"So soon?" questioned Flane blankly, looking at the sun.

"You fought for hours there," Aevlyn smiled, kneeling to ease a dying man's pains. "Some grumbled that you sought all the glory for yourself."

Flane chuckled, looking out at the tribes that hemmed them in, building camps and fires, and erecting kaatra-hide tents. He whispered savagely, "Glory enough for all at this fight." He shook his head, and his green eyes narrowed. "There are many of them," he said slowly. "Too many."

He lifted the violet-gun and carried it to a jagged edge of rock; rested it in a crotch of stone, leaning cheek against the wooden stock. He smiled mirthlessly to himself, thinking: I will reduce some of that number, now. His finger pressed the button of the gun and a lavender flame swept from the muzzle toward the assembled horde. Bolt after bolt he fired, carefully, until the ullulating wail of the stricken Darksiders reverberated from the cliffs.

The violet-gun clicked and made odd sounds.


Flane stared at it, wondering. The thought that it might need fuel to work never occurred to him. He looked on the gun as supernatural, and anything as mundane as ammunition for it was as foreign to his mind as the stars.
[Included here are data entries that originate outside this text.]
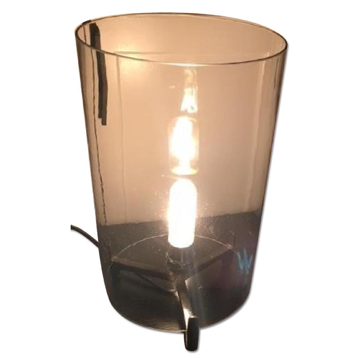Seller's Notes:Edison table lamp with glass cylinder shade and metal base. Recently moved to New York from Chicago and no longer have room for this light.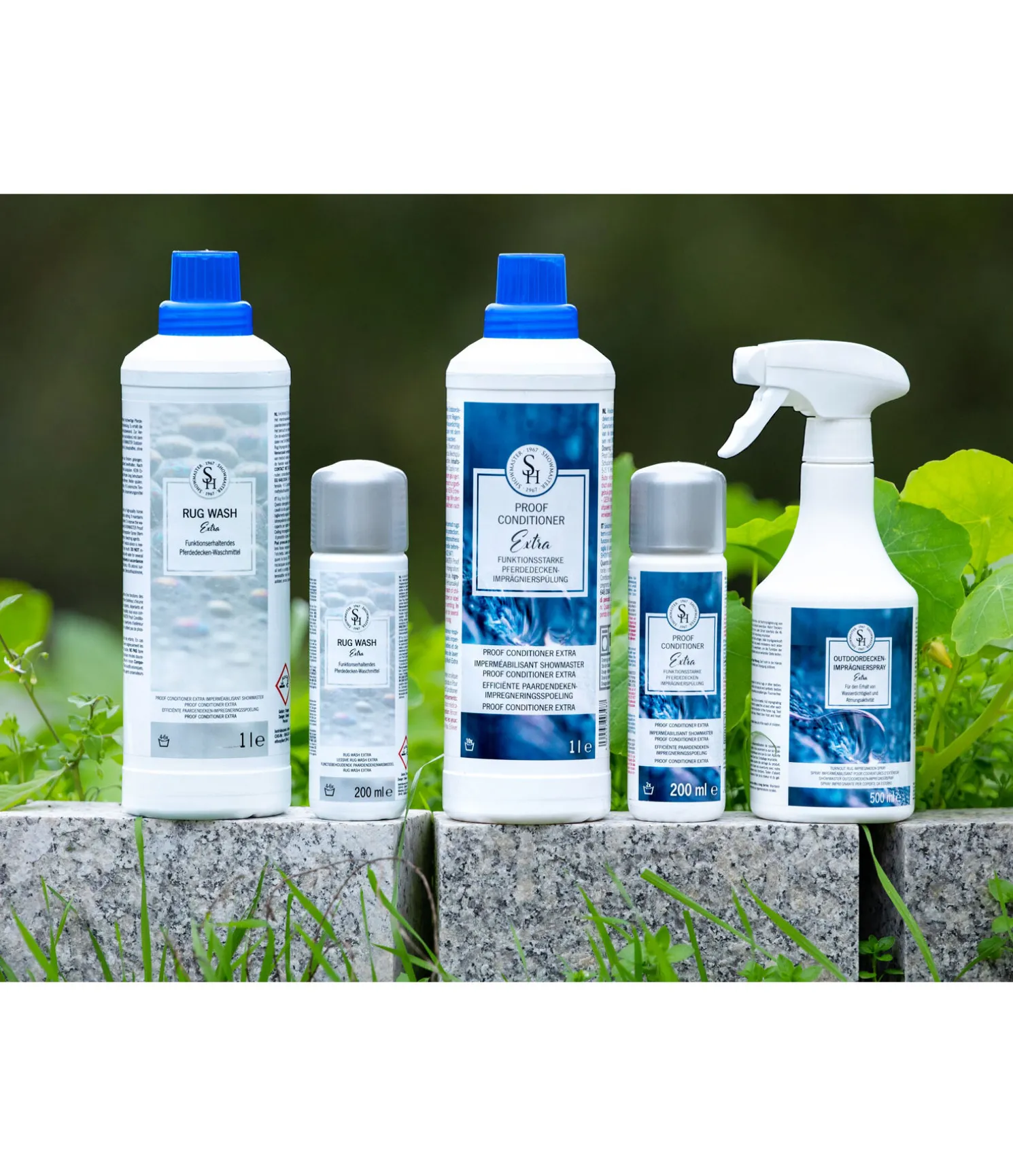 Pour l’entretien et un nettoyage efficace préservant les propriétés techniques de tous types de couvertures pour cheval haut de gamme (couvertures d’extérieur, d’écurie ou séchantes) ainsi que des vêtements d’équitation. La couverture pour cheval est lavée en profondeur sans endommager les fibres sensibles qui constituent tous les tissus textiles respirants, déperlants et anti-salissures. Neutralise les mauvaises odeurs. Grâce à la forte concentration du détergent, le dosage nécessaire est nettement inférieur à celui des détergents pour couvertures classiques, tout en étant efficace aussi à basse température. Son utilisation est donc plus écologique que celle des détergents pour couvertures comparables, pour un meilleur résultat .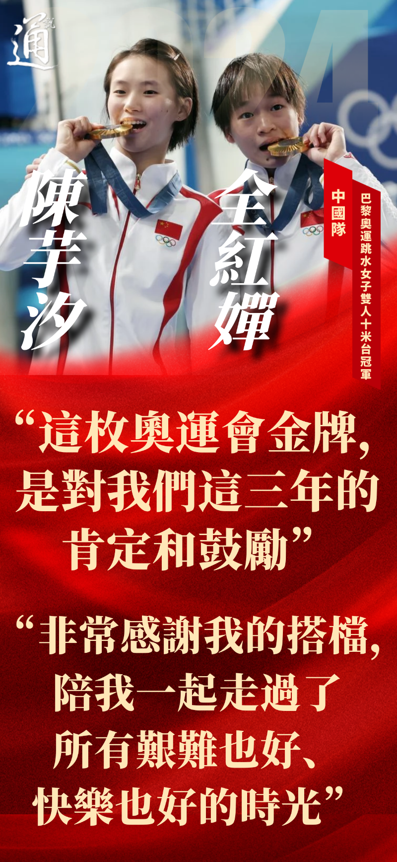 (香港新聞網製圖) 這一天在泳池,中國跳水隊亦以超強實力再次征服世界。31日,在巴黎奧運會跳水女子雙人十米台決賽中,陳芋汐/全紅嬋宛若“複製粘貼”,以絕對優勢摘得金牌。贏下比賽後,兩人還對著鏡頭頗有創意地做出一個“拿捏”的手勢。 奪冠之路看似輕鬆,可“水花消失術”的背後,進入巴黎奧運周期的她們都面臨了跳水女運動員一道大坎——發育關。骨骼和肌肉發育讓運動員的身高增高、體重增大,這意味著力量及耐力訓練都要相應調整。 全紅嬋的主管教練、奧運冠軍陳若琳曾說,全紅嬋幾乎每天都在因跳水動作207C(向後翻騰三周半抱膝)受折磨;陳芋汐則長期受到腰傷影響。 因此,陳芋汐在賽後感慨地說,非常感謝搭檔,陪自己一起走過“艱難也好、快樂也好的時光”,“這枚奧運會金牌,是對我們這三年的肯定和鼓勵。”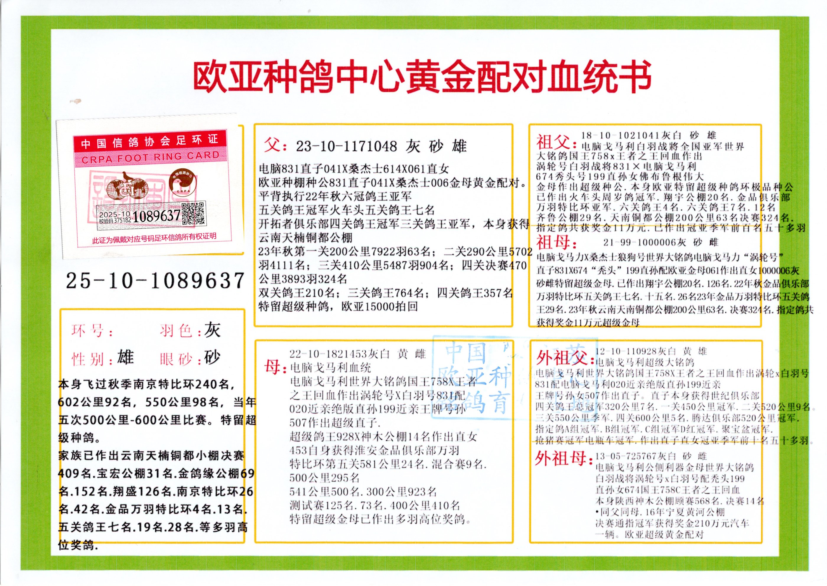 24年秋南京特比环欧亚荣获大团体冠军.小团体冠军551公里大特比13名.14名.16名.19名.20名.21名.24名.26名.27名.28名.42名.52名.54名.57名.65名.66名.68名.70名.71名.72名.74名.76名.80名.82名.83名.84名.85名.86名.90名.92名.110名.116名.121名.122名.128名.131名.158名.161名.164名.165名.166名.172名.174名.177名.182名.195名.196名.201名.205名.208名.210名.216名.253名.269名.275名.276名.294名.296名.299名,,24年秋云南天南铜都公棚决赛415名.天南铜都小棚决赛409名.云南玉活公棚决赛102名.490名.团体32名上笼二羽进二羽,天南铜都大棚506公里决赛445名。热烈祝贺河北省巨鹿县李兰生老师用欧亚泰山号血系连续十一年夺冠军,河北省国家赛冠军.全国季军等多次前十名高位,扬州王军王总用欧亚利奥24年春季获山东翔宇公棚决赛33名盖比53名。南京刘正龙刘总用欧亚盖比获得24年秋山东潍坊国际公棚决赛42名.精英赛30名.三关鸽王71名.决赛86名.加站赛16名.南京市特比环A组鸽王9名.B组鸽王5名.6名.C组鸽王5名.精英赛冠军4名.技能赛A组冠军4名.5名.秦淮区特比环荣获15名.46名.48名.87名。四川西昌徐亮徐总用欧亚利奥获得凉山州聚友决赛177名.第二关亚军双关鸽王19名.三关鸽王105名.云南豪庭公棚决赛603名。热烈祝贺24年四川重庆翔园鸽舍用欧亚泰山号荣获春季400公里冠军.秋季500公里冠军,河北王总用詹森X利奥获得千羽千翔公棚400公里冠军,广东蔡楷焕荣获24年秋爱好者 赛鸽俱乐部三关鸽王季军.一关420公里99名.二关450公里11名.三关520公里32名.单关季军.7名.12名,江西李卫兴荣获贵州红枫公棚8名.共翔俱乐部寄养棚四关综合鸽王30名.一关400公里78名.二关500公里55名.三关520公里37名.四关500公里57名.同父母获公棚18名.雷鸣获得武汉黄浦育翔中心冠军,四川陈文获得四川明鸿俱乐部300公里梦幻2名.3名.4名.9名.10名.13名.14名.15名.31名.34名.40名.41名.42名.43名.69名.71名.72名.73名.74名.94名.95名.97名.98名.99名.419公里决赛荣获总冠军7名.总共归巢9羽,四川徐亮获豪庭决赛603名,山西郑勇获得山西泰鑫公棚决赛255名詹森红狐,热烈祝贺马总获得开尔(飞跃队)决赛9名获奖金1310000万元.第一关52名,天津津福资赛180公里96名.获奖金429543万元,欧亚支持全国鸽友24年秋多人报喜 祝大家取得更好成绩,给欧亚报喜鸽友欧亚决定给每人赠送一羽超级种鸽。欧亚俱乐部特比环多关鸽王成绩:15年秋淮安特比环黑色星期一全会上笼9700多羽,当天无鸽归巢,第二天全会归巢357羽,本舍归巢158羽.前十名八羽.前一百名归巢57羽,16年春季获五关鸽王总冠军,总亚军四名.六名.七名.九名.十名.晶艺俱乐部520公里冠亚季军5名.6名.7名.9名.11名等,火车头冠军.季军6名.8名.9名.10名,16年秋晶艺俱乐部特比环520公里亚军.季军4名.6名.7名.9名,15年春南京白下特比环冠军.亚军.季军6名.7名.8名.9名.10名.指定鸽A B组获得冠军.亚军.季军4名.5名.,17年淮安特比环亚军.4名.5名.7名.8名.10名.六关鸽王总冠军.4名.6名.9名.10名,寄养棚宿迁刘总20羽特比环获冠军.季军.4名.7名.8名.9名等。18年荣获万羽特比环六关鸽王总冠军.总亚军.总季军.6名.8名.十名.单关四羽冠军.二羽亚军.四羽季军.前十名27羽。19年秋万羽特比环六关鸽王总亚军.总季军.5名.8名等,单关二羽冠军.三羽亚军.一羽季军前十名31羽。20年秋淮安市鸽会四关特比环大赛风雨无阻鸽王亚军.鸽王六名,金品俱乐部万羽特比环六关鸽王总冠军,总亚军.四名.五名.六名.七名.八名.十名.前二百名鸽王35羽,单关冠亚季军前十名四十多羽,火车头五关鸽王季军.六名.八名.前二百名鸽王十七羽。20年春荣获淮安五区一市四关鸽王总冠军.亚军.四名.八名.九名。21年秋荣获金品万羽特比环大赛六关鸽王总亚军.总季军.四名.七名.九名.十名.单关冠亚军季军前十名三十多羽。火车头协会鸽王六名.七名.十名.单关前十名十七羽。22年秋荣获鸽王总冠军.总亚军.5名.7名.8名.9名.11名.单关冠亚季军前十名三十多羽,第一关单关前二百名四十多羽,第二关前二百名三十多羽,第三关前二百名四十多羽,第四关前二百名四十多羽,第五关前一百名53羽。23年秋荣获鸽王季军.五名.八名.十名.13名.17名.20名.27名等多羽鸽王.单关前十名二十多羽。公棚.寄养棚部分成绩:16年秋宁夏黄河公棚总冠军电脑戈马力指定通炮冠军,17年送八羽参赛获得鸽王八名进奖四名,支持韩总荣获八名。支持鸽友荣获宁夏中卫公棚决赛总冠军.精英赛冠军,支持18年宁夏黄河公棚决赛冠军詹森X泰山。安徽鼎博寄养棚院内外四关鸽王总冠军.鸽王十七名.三十七名同窝,鸽王39名.42名.58名.67名。18年山东公棚预赛冠军.决赛65名.送八羽进奖五羽.指定获奔驰汽车一辆。支持鸽友获得云南蓝云公棚冠军.盖比X佛卡门。支持鸽友荣获云南银集公棚决赛冠军 詹森427X520血系 速度赛6700羽冠军。17年荣获金马俱乐部寄养棚四关鸽王总冠军.季军.六名.八名.第一关冠军.亚军.季军四名.七名.十一名.金牌教练奖。支持鸽友18年北京费翔公棚预赛九名电脑X桑杰士,支持鸽友荣获陕西威力公棚决赛11名.内蒙古临河寄养棚四关鸽王六名.詹森配泰山,支持河北王总用欧亚詹森427配胡本喜获20年秋开尔青年棚季军。云南东荣公棚16年预赛冠军.决赛77名.17年决赛12名.詹森红狐X泰山,17年平安公棚决赛4名 詹森427。欧亚获得21年金母寄养棚第一关四名.第二关5名.第三关5名.6名.7名.10名.三关鸽王总冠军,四关鸽王14名.十羽鸽王。支持河

There might be one more blast left, he reasoned, and gave it to Aevlyn.

It was dark now, and the three moons of Klarn swam slowly into the sky. Red fires dotted the stone plateau before the mesa, where Darksiders squatted or sat, eating. On the mesa, men hastily bolted food and ran back to the entrance, drying their weapons. There was no concerted night attack; there was worse, for soon the arrows began to arch among them. Biting into leg and arm and chest, at random, the steel-tipped shafts scattered the men, which sword and axe could not do. Soon they were all huddled behind the uplifting rocks at the mesa-edge, where the shafts could not follow.

A surprise attack caught a faceful of defending blades, and broke away, as a wave from the seawall.